To address the longstanding bottlenecks in core loss modeling—namely, low prediction accuracy, poor interpretability, and weak out-of-distribution generalization—this paper proposes a physics-informed hybrid modeling framework. Methodologically, it introduces (1) a novel spectral entropy-guided prior mechanism that dynamically selects the optimal empirical model, and (2) an adaptive multimodal feature fusion module that jointly integrates physics-based constraints with deep learning representations—including CNN-extracted spatial features, bidirectional LSTM-captured temporal dynamics, and multi-head attention-refined global dependencies. Evaluated on the MagNet benchmark, the framework consistently outperforms all 21 models from the 2023 IEEE ICPE Core Loss Challenge and three state-of-the-art methods published in 2024–2025. It achieves significant improvements in prediction accuracy, robustness to distributional shifts, and model interpretability. This work establishes a reliable, physically grounded modeling paradigm for high-efficiency power electronic system design.

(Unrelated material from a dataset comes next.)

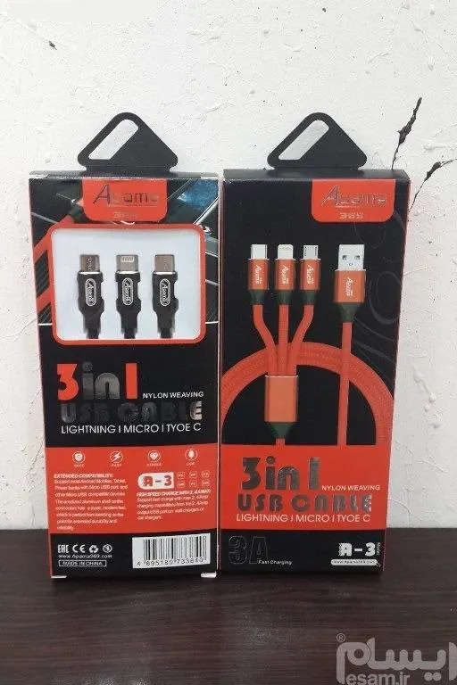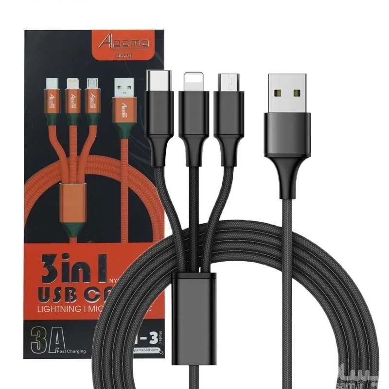 کابل شارژ اورجینال 3سر روکش دار Apama-369 A-3

Accurate core loss modeling is critical for the design of high-efficiency power electronic systems. Traditional core loss modeling methods have limitations in prediction accuracy. To advance this field, the IEEE Power Electronics Society launched the MagNet Challenge in 2023, the first international competition focused on data-driven power electronics design methods, aiming to uncover complex loss patterns in magnetic components through a data-driven paradigm. Although purely data-driven models demonstrate strong fitting performance, their interpretability and cross-distribution generalization capabilities remain limited. To address these issues, this paper proposes a hybrid model, SEPI-TFPNet, which integrates empirical models with deep learning. The physical-prior submodule employs a spectral entropy discrimination mechanism to select the most suitable empirical model under different excitation waveforms. The data-driven submodule incorporates convolutional neural networks, multi-head attention mechanisms, and bidirectional long short-term memory networks to extract flux-density time-series features. An adaptive feature fusion module is introduced to improve multimodal feature interaction and integration. Using the MagNet dataset containing various magnetic materials, this paper evaluates the proposed method and compares it with 21 representative models from the 2023 challenge and three advanced methods from 2024-2025. The results show that the proposed method achieves improved modeling accuracy and robustness.